Risk frameworks are not new but they provide a well-understood approach for how to mitigate issues such as data bias in AI. They typically involve aspects of identifying risks, assessing those risks, and mitigating risks based on assessment, monitoring, and review. AI systems are not static systems and are constantly in motion, processing data and producing results. Therefore, every aspect of the risk framework should also be continuously in motion. For this reason, data streaming, which is already a foundational technology in most AI systems, has a uniquely important role to play.
When applied appropriately, data streaming delivers data to the models. This data is contained in an immutable log that allows you to monitor and assess risk in real time, historically, and throughout the individual steps of the process. For example, an organization could use an event-driven architecture to examine customer interactions with a chatbot. If the chatbot consistently provides biased responses to certain groups or categories of prompts, the organization could quickly identify the issue and take mitigating action to address the chatbot's bias.

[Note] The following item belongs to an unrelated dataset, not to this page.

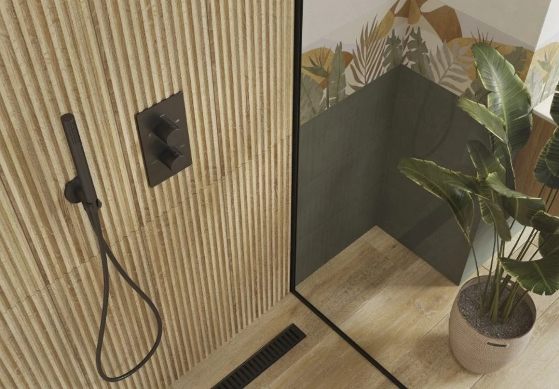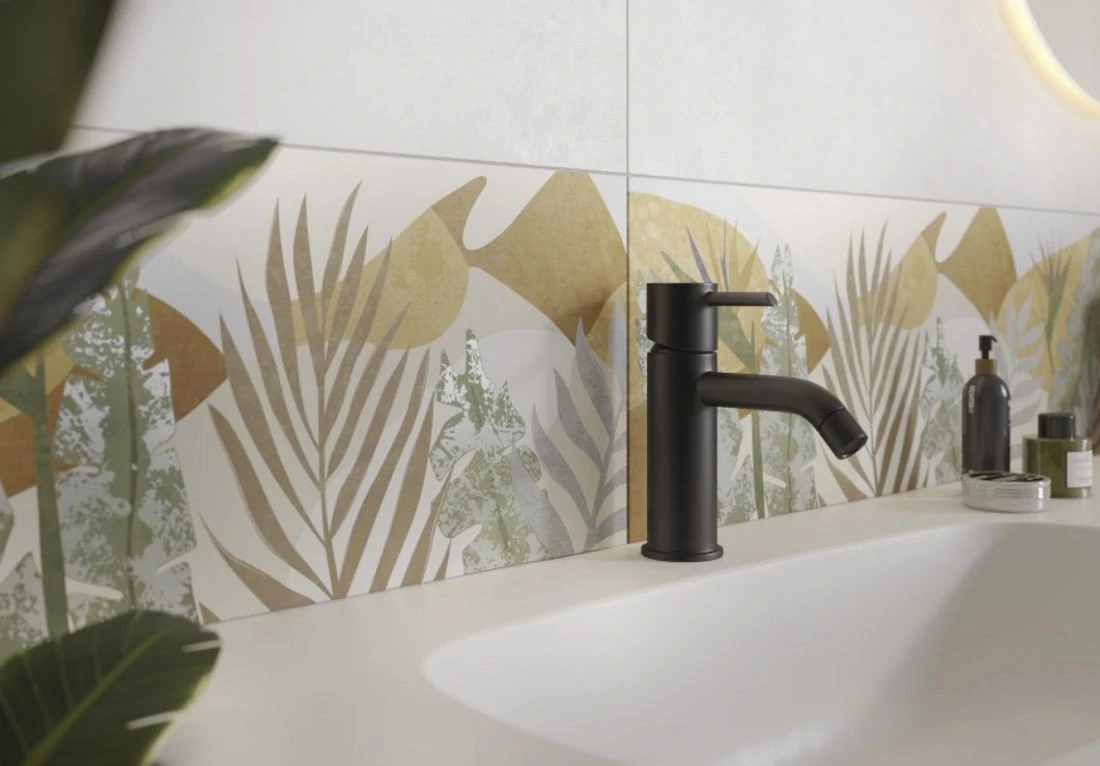 Коллекция керамической плитки New Garden формата 25х75 наполнена игрой. В её основе милый растительный декор, словно сошедший с ретро-открытки, но дизайнерский и модный. Фоном служат фигуры деликатных оттенков, в неправильных формах которых угадывается стиль мемфис. Игра продолжается в комбинации плоских и объёмных поверхностей, натуралистичной текстуры дерева и зелёного «крашенного бетона». Декорации с нежным мерцанием на вставке можно усилить золотистым металлическим бордюром шириной 0,5 см. Природную тематику поддерживают «керамогранитные доски» спокойного коричневого оттенка.

Speakers at our Public Sector Summit talked about the need to put more emphasis on data stewards, rather than just data owners, as a way to open up trusted access to data across organizations. Data stewards help to make data more discoverable and accessible and protect the data to ensure it gets used securely and effectively. Oftentimes, data owners may be more focused on protecting themselves and their organizations by keeping control of the data.
While organizations often have people whose job it is to be a data steward, to open data up for AI, or any data-centric goal, more people need to see themselves as stewards of the data, willing to share it where it can make a real impact rather than hold it close so that no one can “mess with it.” Elizabeth Puchek, CDO of the U.S. Citizenship and Immigration Services pointed out that, “we are all data professionals.” The essence is that we all need to look at how to help our mission advance by being good stewards of the data.
One of the biggest fears of giving up “control” of data has to do with the fact that data without context can be misinterpreted and misused. It is critical that data is not taken out of context and that related data can be viewed together no matter how or where it is used. A data streaming approach ensures that the producer can not mutate historical data opaquely to a consumer, they can only update and provide new facts.
Without clean, trustworthy, up-to-date data, AI is useless. A data streaming approach builds a pipeline for the continual flow of data. Data streaming helps with the shift to stewardship because data is provided through a secure immutable log of events. This offers an evidentiary audit trail of how any model built on top of the data was constructed. Likewise, data streaming is often used to record the usage of data to help with provenance and lineage.